Will they survive? nobody knows. It really depends on how badly they got damaged by cold. If ALL leaves are melting, then highly unlikely. And that is irrespective of your current light and fertilization (Healthy Vals can prosper at pretty low light. Low light = lower demand for nutrients. The melting leaves are releasing nutrients).

Will they survive if ALL leaves melt?: Highly unlikely, especially in the current situation. If ALL the leaves got so badly damaged as to completely melt, the chance that roots and the bulb did not sustain similar damage is improbable.

Even healthy plants can have difficulties adapting to a new environment.

Sorry for my grim opinion .

v3


----------



## Raymond S. (Dec 29, 2012)

What size tank ?
The two CFL lights are all that you need and could be more than you need.
The 23W ones are overkill.
10-14W is usual and depending on the size tank 1 or two of them till you get to 36".
But 6500K is what is normally used.
If you use two I'd try to get one of them in 4000K
Need more info/ tank size any ferts ?


----------



## G0rkhe (Mar 3, 2014)

The tank size is 10 gallon and the fert I'll be using is osmocote root tab. So do you think there would not be a balance of fert and light if I put in a 23W one?

The root did not seem to be damaged at all when they came in, they looked all healthy when I planted them.


----------



## oblongshrimp (Jul 26, 2006)

Vals are very sensitive to Flourish Excel too so if you are using that it will cause them to melt.


----------



## jeremy va (Dec 22, 2012)

Everyone is giving you good information but, in my experience, Vals will often melt when they are transplanted -- but they come back. I just transplanted some (maybe 30) and a good number of leaves are melting. Sometimes, if they are large plants (8" or more) I cut them back to about 3" and transplant them because I figure most of the leaves are going to die back anyway. So, don't give up on 'em yet -- wait a couple of weeks and look for new growth...


----------



## JwDiedrich16 (Feb 8, 2014)

yes the val should survive no worries it does that usually


----------



## ctaylor3737 (Nov 14, 2013)

Yes they should come back, they just look like they usually do from shipping. Remember if you cut a blade chances are it will all die. Not always but if it was just shipped plant it and let it be. With any new plant there will be many changes and one thing you can learn in this hobby is patience. With plants nothing is quick, easy or a cure-all. Do your research on here and read some more, ask questions and if all possible keep your hands out of the tank until your sure that's the best course of action! 

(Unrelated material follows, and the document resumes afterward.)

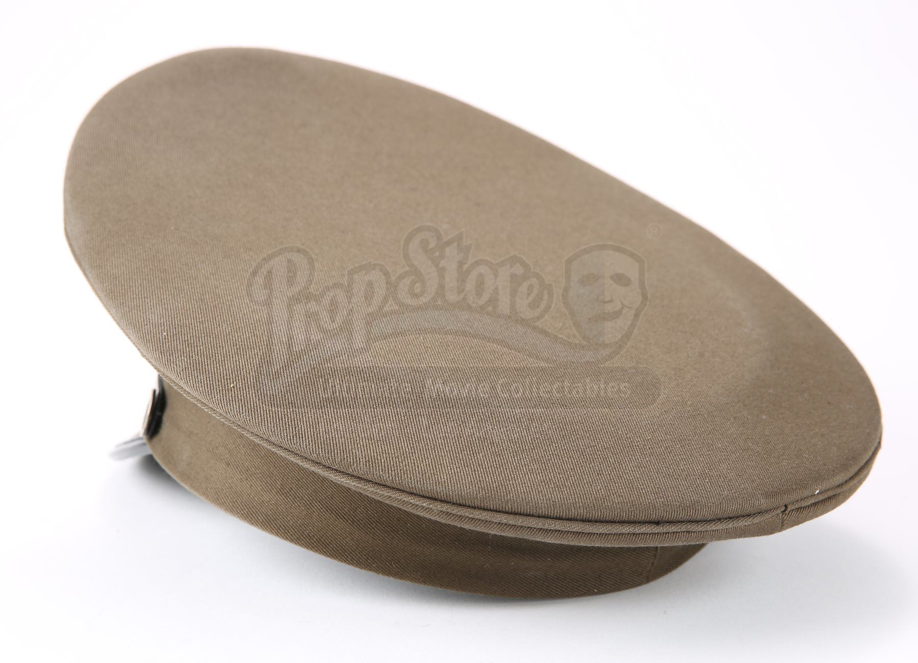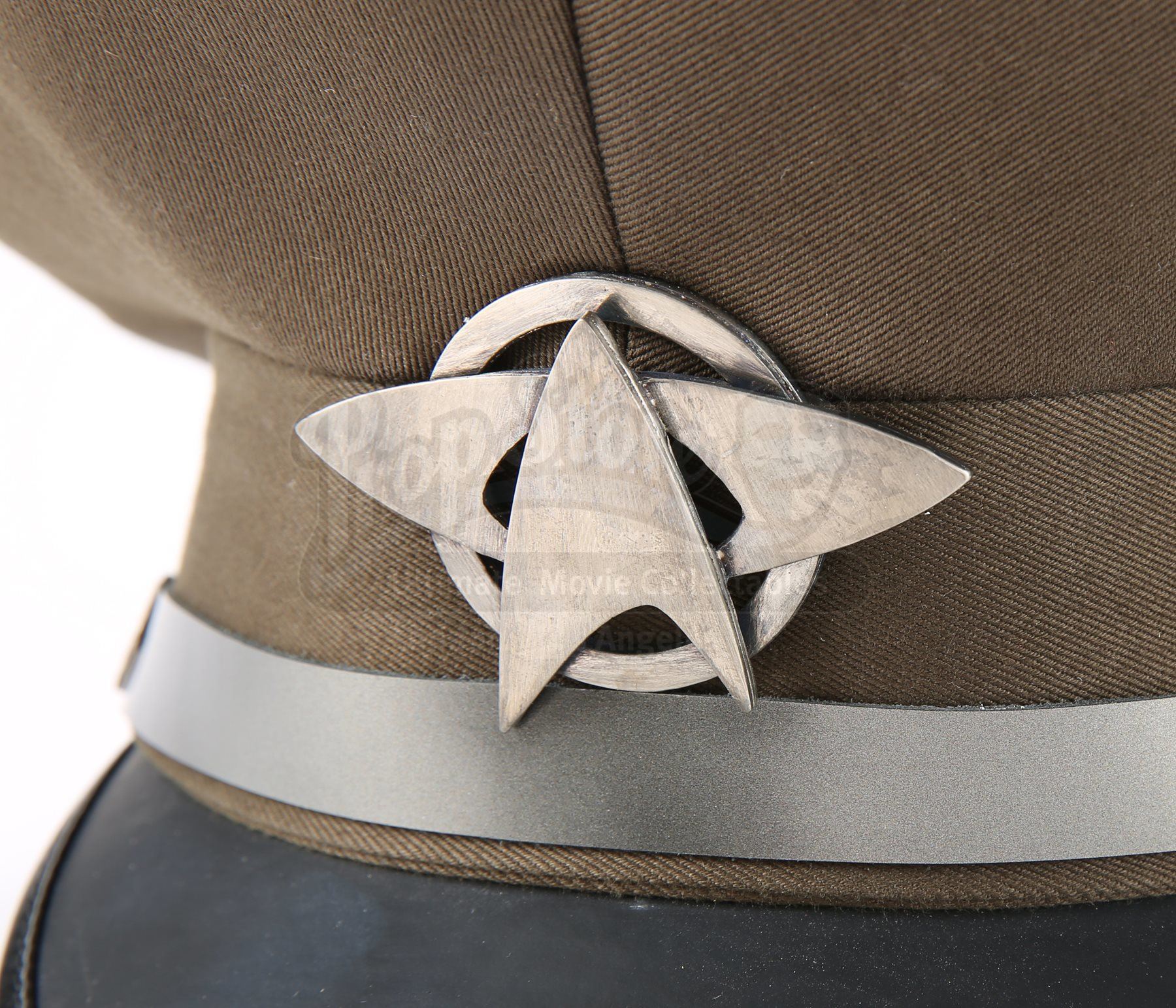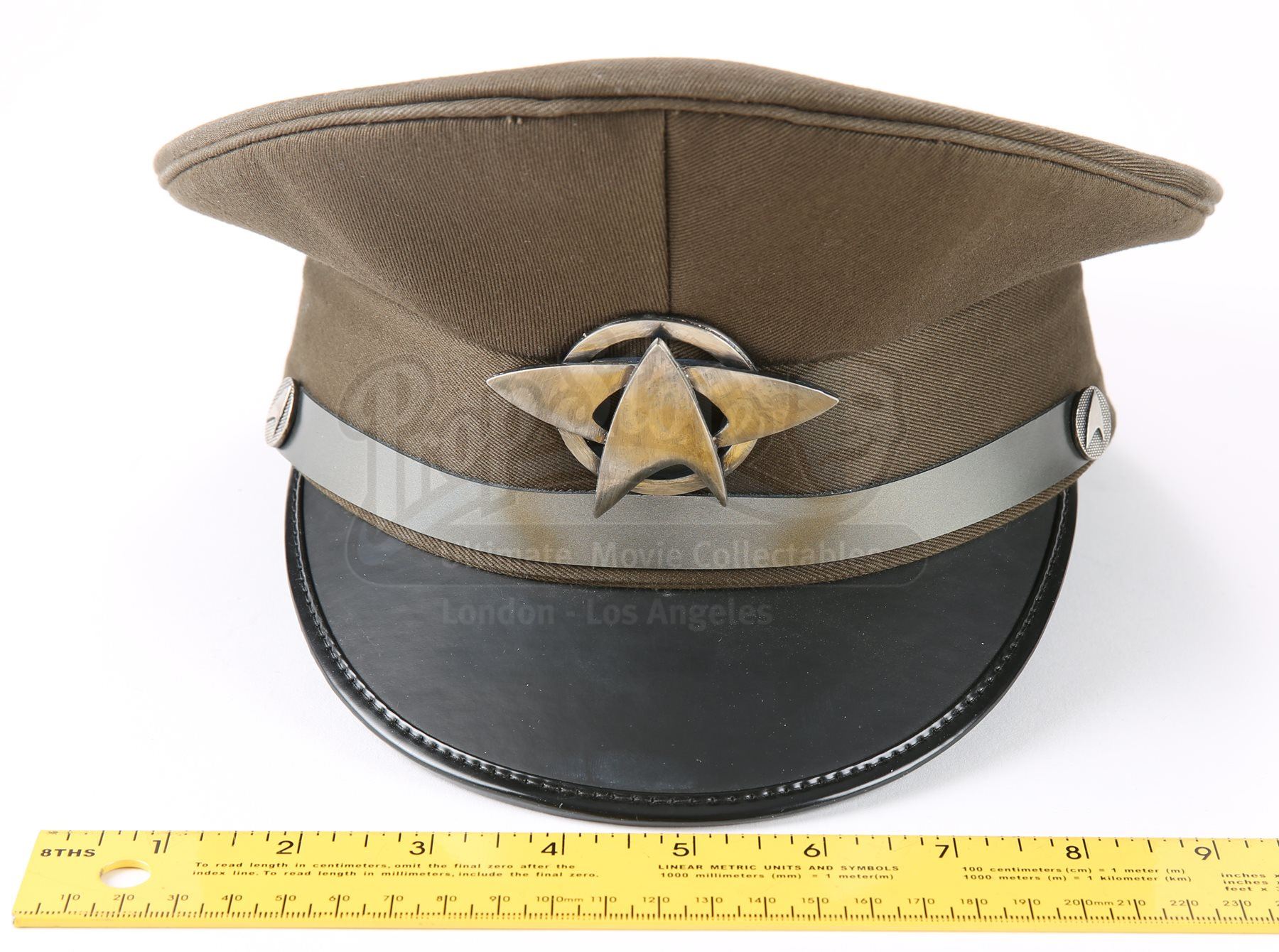 A Starfleet enlisted members' uniform cap from Star Trek Into Darkness. Enlisted members of Starfleet were seen at Starfleet headquarters in San Francisco. The military cap is made of olive colored cotton and nylon, with a leather brim and sweatband. Pinned to the front of the cap is a large metal Starfleet pin, with two smaller pins attached on the ends of the strap. Estimate: $300 - 500*Estimated sale price; sold without reserve.
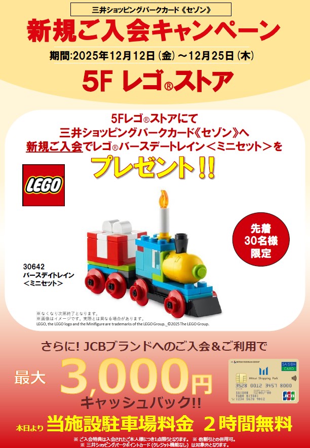 ■ Details During the campaign period, new members of the Mitsui Shopping Park Card "Saison" at the LEGO Store on the 5th floor will receive a "LEGO Birthday Train Mini Set" as a gift! In addition, if you sign up for and use a JCB brand card, you will receive a cash back of up to 3,000 yen.

You will make mistakes and learn the hard way but that's the joy of this hobby.


----------



## G0rkhe (Mar 3, 2014)

Thank you for your replies. 

No, I haven't used flourish excel and don't plant to. I ordered, osmocote and some 00 size capsules to make DIY root tabs. I also ordered some stuff for DIY CO2 so i will put all those in the tank by the end of the week and see how it goes. Would 2 x 23 bulb really be over kill? I read that for tanks 10 gallon and less, you need more watts per gallon to achive the required PAR amount. I was aiming for mid to mid-high lights with CO2 so I could get dwarf sags make a carpet instead of just grow tall.

Any feedbacks?


----------